What the task requires: Below are some records; repeat them all exactly, minus the pictures.

● ● ● ●

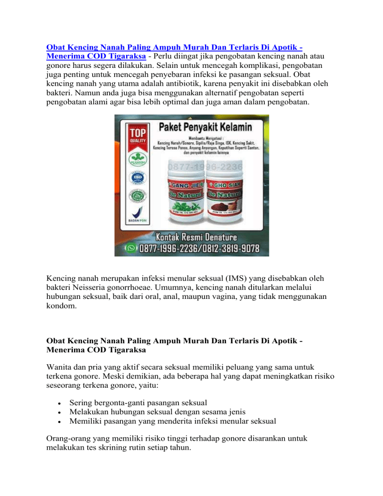 Obat Kencing Nanah Paling Ampuh Murah Dan Terlaris Di Apotik Menerima COD Tigaraksa - Perlu diingat jika pengobatan kencing nanah atau gonore harus segera dilakukan. Selain untuk mencegah komplikasi, pengobatan juga penting untuk mencegah penyebaran infeksi ke pasangan seksual. Obat kencing nanah yang utama adalah antibiotik, karena penyakit ini disebabkan oleh bakteri. Namun anda juga bisa menggunakan alternatif pengobatan seperti pengobatan alami agar bisa lebih optimal dan juga aman dalam pengobatan. Kencing nanah merupakan infeksi menular seksual (IMS) yang disebabkan oleh bakteri Neisseria gonorrhoeae. Umumnya, kencing nanah ditularkan melalui hubungan seksual, baik dari oral, anal, maupun vagina, yang tidak menggunakan kondom. Obat Kencing Nanah Paling Ampuh Murah Dan Terlaris Di Apotik Menerima COD Tigaraksa Wanita dan pria yang aktif secara seksual memiliki peluang yang sama untuk terkena gonore. Meski demikian, ada beberapa hal yang dapat meningkatkan risiko seseorang terkena gonore, yaitu: Sering bergonta-ganti pasangan seksual Melakukan hubungan seksual dengan sesama jenis Memiliki pasangan yang menderita infeksi menular seksual Orang-orang yang memiliki risiko tinggi terhadap gonore disarankan untuk melakukan tes skrining rutin setiap tahun. Gejala Kencing Nanah Masa inkubasi kencing nanah sangat singkat. Pada pria umumnya hanya berkisar antara 2-5 hari, meskipun terkadang bisa bisa juga berlangsung lebih lama. Namun pada wanita, masa inkubasi sulit untuk ditentukan. Sebab pada umumnya infeksi kencing nanah ini tidak menimbulkan gejala. Gejala kencing nanah pada pria awalnya muncul rasa gatal dan panas di sekitar uretra (saluran yang menghantarkan urine dari kandung kemih ke luar tubuh). Selanjutnya, timbul rasa nyeri saat buang air kecil dan keluar cairan kental berwarna keruh (nanah) dari ujung uretra. Kadang-kadang bisa disertai darah. Bila infeksi sudah semakin lanjut, nyeri akan semakin buruk dan cairan semakin kental serta keruh. Selain itu, juga akan muncul rasa nyeri saat ereksi. Terkadang bisa disertai pembesaran kelenjar getah bening di selangkangan. Sedangkan gejala kencing nanah pada wanita (kalaupun ada) dapat sangat ringan hingga penderitanya tidak menyadarinya. Sebanyak 30-60% wanita penderita kencing nanah tidak merasakan gejala apapun. Gejala yang mungkin timbul dapat berupa nyeri saat buang air kecil, buang air kecil menjadi lebih sering, dan kadangkadang menimbulkan rasa nyeri pada panggul bawah. Selain itu, terdapat cairan kental dan keruh yang keluar dari vagina. Komplikasi Kencing Nanah Kencing nanah dapat memicu terjadinya komplikasi berupa infertilitas/ kemandulan, baik pada pria maupun wanita. Pada wanita, infeksi kencing nanah yang tidak diobati atau tidak mendapat pengobatan hingga tuntas, dapat menyebar dari serviks (leher rahim) menuju uterus (rahim), tuba falopi (saluran telur), dan ovarium (indung telur) dan menyebabkan penyakit radang panggul. Penyakit tersebut dapat menyebabkan kemandulan maupun komplikasi pada kehamilan dan persalinan. Sementara itu, pada pria, infeksi kencing nanah dapat menyebar melalui saluran kencing (uretra) menuju testis, epididimis, dan merusak proses pembentukan sperma di dalamnya. Selain itu, kencing nanah juga dapat menyerang kelenjar prostat. Bakteri penyebab kencing nanah juga dapat menyebar melalui darah menuju area lain di tubuh, termasuk sendi. Infeksi sistemik ini dapat menyebabkan demam, ruam merah pada kulit, nyeri sendi, dan lain-lain. Pengobatan Kencing Nanah Pengobatan kencing nanah dapat dilakukan dengan menggunakan antibiotik. Selain menggunakan antibiotik, penyakit ini juga bisa diobati secara alami. Salah pengobatan alami yang terpercaya yaitu menggunakan obat herbal. Tetapi jika anda ingin menggunakan antibiotik maka anda harus berkonsultasi terlebih dahulu ke dokter dan meminta resep yang sesuai. Tetapi jika anda ingin menggunakan obat herbal maka carilah obat herbal yang telah memenuhi standar keamanan seperti Resmi BPOM, Hallal MUI dan alangkah lebih baiknya jika sudah memiliki Sertifikat ISO 9001:2015. Obat Kencing Nanah Paling Ampuh Murah Dan Terlaris Di Apotik Menerima COD Tigaraksa BAIK DIGUNAKAN UNTUK MEMBANTU : - Mengobati Sipilis/Rajasinga/Gonore/Kencing Nanah/Infeksi Saluran Kemih - Sebagai Antivirus dan Antibakteri - Memperbaiki jaringan sel pada bagian uretric - Memulihkan stamina - Menjaga kesehatan - Mengobati Saluran Kencing Paket Gang Jie Gho Siah De Nature merupakan produk eksklusif dari De Nature dengan POM. TR : - Gang Jie POM.TR 173 300 491 - Gho Siah POM.TR 173 305 881 KOMPOSISI: Gang Jie : - Orthosiphon stamineus folium 1250mg - Imperatae cylindrica rhozoma 625mg - Andrographis paniculata folium 625mg Gho Siah : - Lumbricus rubellus ekstrak 500mg Sekedar informasi untuk kenyamanan Konsumen, bahwa Produk dari perusahaan kami ini sudah memiliki: - Ijin Resmi Perusahaan dari Kementerian Kesehatan - Ijin BPOM, yang artinya sudah lulus uji stabilitas Produk - Sertifikat Halal MUI, sehingga kehalalannya bisa dipertanggungjawabkan - Apoteker Yang berpengalaman - Sudah melewati Proses Sortir Bahan Baku, Guna Menjaga Mutu Produk - Proses Produksi Sesuai Alur CPOTB (Cara Pembuatan Obat Tradisional Yang Baik Dan Benar) - Sertifikat ISO 9001 : 2015 yang artinya sudah Berstandar Internasional Semoga artikel ini bermanfaat untuk semuanya dan khususnya bagi anda yang sedang mencari informasi mengenai Obat Kencing Nanah Paling Ampuh Murah Dan Terlaris Di Apotik - Menerima COD Tigaraksa. Informasi lebih lengkap bisa hubungi nomor yang tertera pada gambar di atas. Penelusuran yang terkait dengan Obat Kencing Nanah Paling Ampuh Murah Dan Terlaris Di Apotik - Menerima COD Tigaraksa : obat kencing nanah di apotik dan harganya, harga obat kencing nanah di apotik kimia farma, obat kencing nanah di apotik terdekat, antibiotik untuk kencing nanah, gang jie obat kencing nanah, harga obat kencing nanah di apotik, apakah bisa sembuh sendiri kencing nanah, cara mengobati kencing nanah dengan bawang putih, 
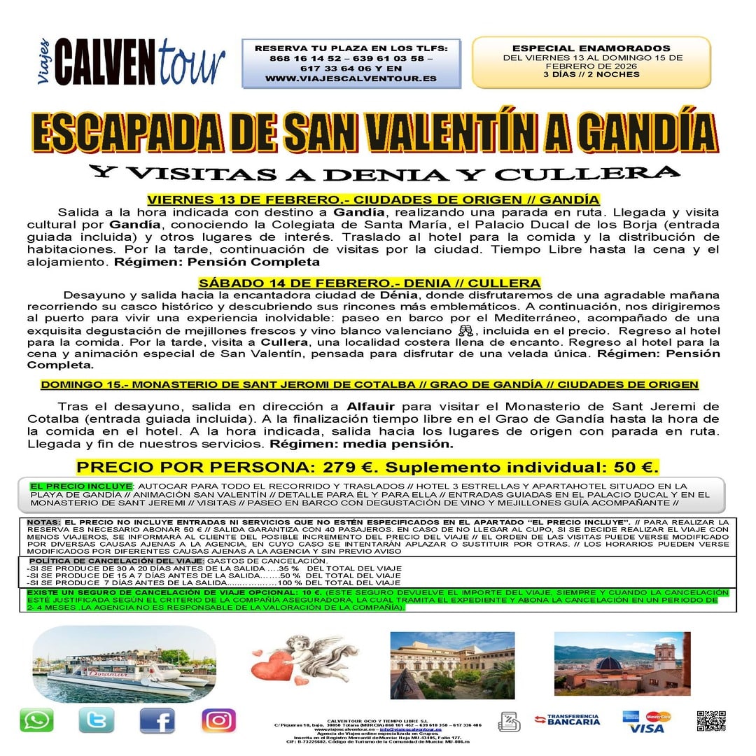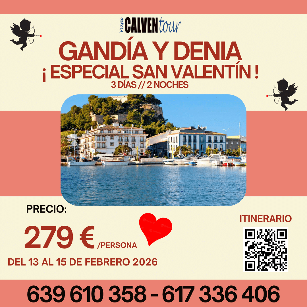 Desayuno y salida hacia la encantadora ciudad de Dénia, donde disfrutaremos de una agradable mañana recorriendo su casco histórico y descubriendo sus rincones más emblemáticos. A continuación, nos dirigiremos al puerto para vivir una experiencia inolvidable: paseo en barco por el Mediterráneo, acompañado de una exquisita degustación de mejillones frescos y vino blanco valenciano 🥂, incluida en el precio. Regreso al hotel para la comida. Por la tarde, visita a Cullera, una localidad costera llena de encanto. Regreso al hotel para la cena y animación especial de San Valentín, pensada para disfrutar de una velada única. Régimen: Pensión Completa.
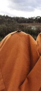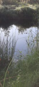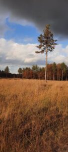 “Ik zit heerlijk tegen een dennenboom aan met gesloten ogen. Ik voel de wind langs mijn gezicht, leven… Doe mijn ogen weer open en zie een libelle op mn gele broek zitten. He, die blijft daar. Ze doet een poepje, een klein groen balletje. Dan sluit ik mn ogen weer en rusten we samen, verbonden. Ik voel me gezegend.”
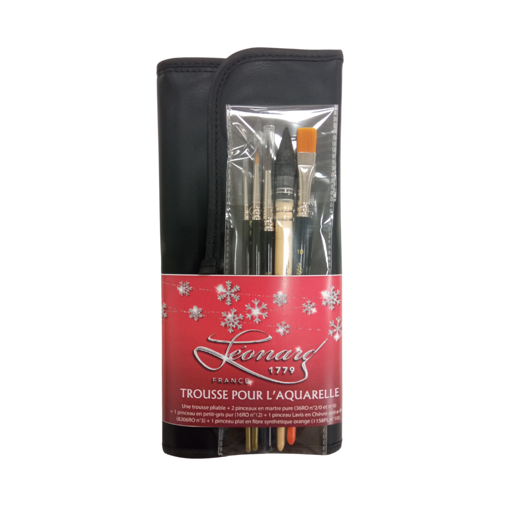 TROUSSE LEONARD REMPLIE POUR L'AQUARELLE : 5 Pinceaux
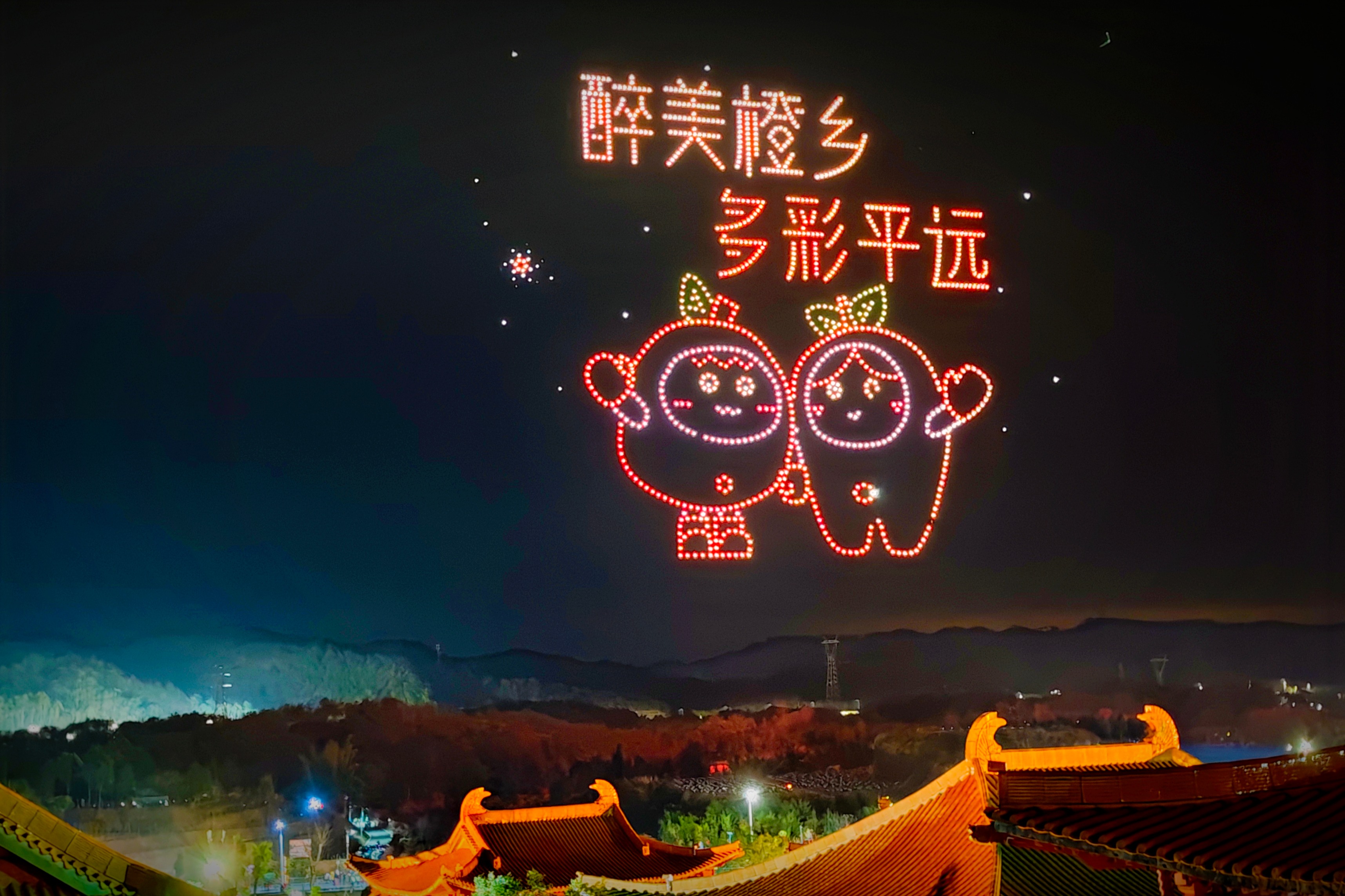 夜幕降临,无人机方阵缓缓升空,灯光次第点亮,瞬间将夜空织成璀璨星河。开篇画面里,一对憨态可掬的橙子形象跃然天际,搭配“平远欢迎你”的温暖字样,瞬间拉近了与观众的距离。

● ● ● ●

Exercise result:
 Obat Kencing Nanah Paling Ampuh Murah Dan Terlaris Di Apotik Menerima COD Tigaraksa - Perlu diingat jika pengobatan kencing nanah atau gonore harus segera dilakukan. Selain untuk mencegah komplikasi, pengobatan juga penting untuk mencegah penyebaran infeksi ke pasangan seksual. Obat kencing nanah yang utama adalah antibiotik, karena penyakit ini disebabkan oleh bakteri. Namun anda juga bisa menggunakan alternatif pengobatan seperti pengobatan alami agar bisa lebih optimal dan juga aman dalam pengobatan. Kencing nanah merupakan infeksi menular seksual (IMS) yang disebabkan oleh bakteri Neisseria gonorrhoeae. Umumnya, kencing nanah ditularkan melalui hubungan seksual, baik dari oral, anal, maupun vagina, yang tidak menggunakan kondom. Obat Kencing Nanah Paling Ampuh Murah Dan Terlaris Di Apotik Menerima COD Tigaraksa Wanita dan pria yang aktif secara seksual memiliki peluang yang sama untuk terkena gonore. Meski demikian, ada beberapa hal yang dapat meningkatkan risiko seseorang terkena gonore, yaitu: Sering bergonta-ganti pasangan seksual Melakukan hubungan seksual dengan sesama jenis Memiliki pasangan yang menderita infeksi menular seksual Orang-orang yang memiliki risiko tinggi terhadap gonore disarankan untuk melakukan tes skrining rutin setiap tahun. Gejala Kencing Nanah Masa inkubasi kencing nanah sangat singkat. Pada pria umumnya hanya berkisar antara 2-5 hari, meskipun terkadang bisa bisa juga berlangsung lebih lama. Namun pada wanita, masa inkubasi sulit untuk ditentukan. Sebab pada umumnya infeksi kencing nanah ini tidak menimbulkan gejala. Gejala kencing nanah pada pria awalnya muncul rasa gatal dan panas di sekitar uretra (saluran yang menghantarkan urine dari kandung kemih ke luar tubuh). Selanjutnya, timbul rasa nyeri saat buang air kecil dan keluar cairan kental berwarna keruh (nanah) dari ujung uretra. Kadang-kadang bisa disertai darah. Bila infeksi sudah semakin lanjut, nyeri akan semakin buruk dan cairan semakin kental serta keruh. Selain itu, juga akan muncul rasa nyeri saat ereksi. Terkadang bisa disertai pembesaran kelenjar getah bening di selangkangan. Sedangkan gejala kencing nanah pada wanita (kalaupun ada) dapat sangat ringan hingga penderitanya tidak menyadarinya. Sebanyak 30-60% wanita penderita kencing nanah tidak merasakan gejala apapun. Gejala yang mungkin timbul dapat berupa nyeri saat buang air kecil, buang air kecil menjadi lebih sering, dan kadangkadang menimbulkan rasa nyeri pada panggul bawah. Selain itu, terdapat cairan kental dan keruh yang keluar dari vagina. Komplikasi Kencing Nanah Kencing nanah dapat memicu terjadinya komplikasi berupa infertilitas/ kemandulan, baik pada pria maupun wanita. Pada wanita, infeksi kencing nanah yang tidak diobati atau tidak mendapat pengobatan hingga tuntas, dapat menyebar dari serviks (leher rahim) menuju uterus (rahim), tuba falopi (saluran telur), dan ovarium (indung telur) dan menyebabkan penyakit radang panggul. Penyakit tersebut dapat menyebabkan kemandulan maupun komplikasi pada kehamilan dan persalinan. Sementara itu, pada pria, infeksi kencing nanah dapat menyebar melalui saluran kencing (uretra) menuju testis, epididimis, dan merusak proses pembentukan sperma di dalamnya. Selain itu, kencing nanah juga dapat menyerang kelenjar prostat. Bakteri penyebab kencing nanah juga dapat menyebar melalui darah menuju area lain di tubuh, termasuk sendi. Infeksi sistemik ini dapat menyebabkan demam, ruam merah pada kulit, nyeri sendi, dan lain-lain. Pengobatan Kencing Nanah Pengobatan kencing nanah dapat dilakukan dengan menggunakan antibiotik. Selain menggunakan antibiotik, penyakit ini juga bisa diobati secara alami. Salah pengobatan alami yang terpercaya yaitu menggunakan obat herbal. Tetapi jika anda ingin menggunakan antibiotik maka anda harus berkonsultasi terlebih dahulu ke dokter dan meminta resep yang sesuai. Tetapi jika anda ingin menggunakan obat herbal maka carilah obat herbal yang telah memenuhi standar keamanan seperti Resmi BPOM, Hallal MUI dan alangkah lebih baiknya jika sudah memiliki Sertifikat ISO 9001:2015. Obat Kencing Nanah Paling Ampuh Murah Dan Terlaris Di Apotik Menerima COD Tigaraksa BAIK DIGUNAKAN UNTUK MEMBANTU : - Mengobati Sipilis/Rajasinga/Gonore/Kencing Nanah/Infeksi Saluran Kemih - Sebagai Antivirus dan Antibakteri - Memperbaiki jaringan sel pada bagian uretric - Memulihkan stamina - Menjaga kesehatan - Mengobati Saluran Kencing Paket Gang Jie Gho Siah De Nature merupakan produk eksklusif dari De Nature dengan POM. TR : - Gang Jie POM.TR 173 300 491 - Gho Siah POM.TR 173 305 881 KOMPOSISI: Gang Jie : - Orthosiphon stamineus folium 1250mg - Imperatae cylindrica rhozoma 625mg - Andrographis paniculata folium 625mg Gho Siah : - Lumbricus rubellus ekstrak 500mg Sekedar informasi untuk kenyamanan Konsumen, bahwa Produk dari perusahaan kami ini sudah memiliki: - Ijin Resmi Perusahaan dari Kementerian Kesehatan - Ijin BPOM, yang artinya sudah lulus uji stabilitas Produk - Sertifikat Halal MUI, sehingga kehalalannya bisa dipertanggungjawabkan - Apoteker Yang berpengalaman - Sudah melewati Proses Sortir Bahan Baku, Guna Menjaga Mutu Produk - Proses Produksi Sesuai Alur CPOTB (Cara Pembuatan Obat Tradisional Yang Baik Dan Benar) - Sertifikat ISO 9001 : 2015 yang artinya sudah Berstandar Internasional Semoga artikel ini bermanfaat untuk semuanya dan khususnya bagi anda yang sedang mencari informasi mengenai Obat Kencing Nanah Paling Ampuh Murah Dan Terlaris Di Apotik - Menerima COD Tigaraksa. Informasi lebih lengkap bisa hubungi nomor yang tertera pada gambar di atas. Penelusuran yang terkait dengan Obat Kencing Nanah Paling Ampuh Murah Dan Terlaris Di Apotik - Menerima COD Tigaraksa : obat kencing nanah di apotik dan harganya, harga obat kencing nanah di apotik kimia farma, obat kencing nanah di apotik terdekat, antibiotik untuk kencing nanah, gang jie obat kencing nanah, harga obat kencing nanah di apotik, apakah bisa sembuh sendiri kencing nanah, cara mengobati kencing nanah dengan bawang putih, 
 Desayuno y salida hacia la encantadora ciudad de Dénia, donde disfrutaremos de una agradable mañana recorriendo su casco histórico y descubriendo sus rincones más emblemáticos. A continuación, nos dirigiremos al puerto para vivir una experiencia inolvidable: paseo en barco por el Mediterráneo, acompañado de una exquisita degustación de mejillones frescos y vino blanco valenciano 🥂, incluida en el precio. Regreso al hotel para la comida. Por la tarde, visita a Cullera, una localidad costera llena de encanto. Regreso al hotel para la cena y animación especial de San Valentín, pensada para disfrutar de una velada única. Régimen: Pensión Completa.
 “Ik zit heerlijk tegen een dennenboom aan met gesloten ogen. Ik voel de wind langs mijn gezicht, leven… Doe mijn ogen weer open en zie een libelle op mn gele broek zitten. He, die blijft daar. Ze doet een poepje, een klein groen balletje. Dan sluit ik mn ogen weer en rusten we samen, verbonden. Ik voel me gezegend.”
 TROUSSE LEONARD REMPLIE POUR L'AQUARELLE : 5 Pinceaux
 夜幕降临,无人机方阵缓缓升空,灯光次第点亮,瞬间将夜空织成璀璨星河。开篇画面里,一对憨态可掬的橙子形象跃然天际,搭配“平远欢迎你”的温暖字样,瞬间拉近了与观众的距离。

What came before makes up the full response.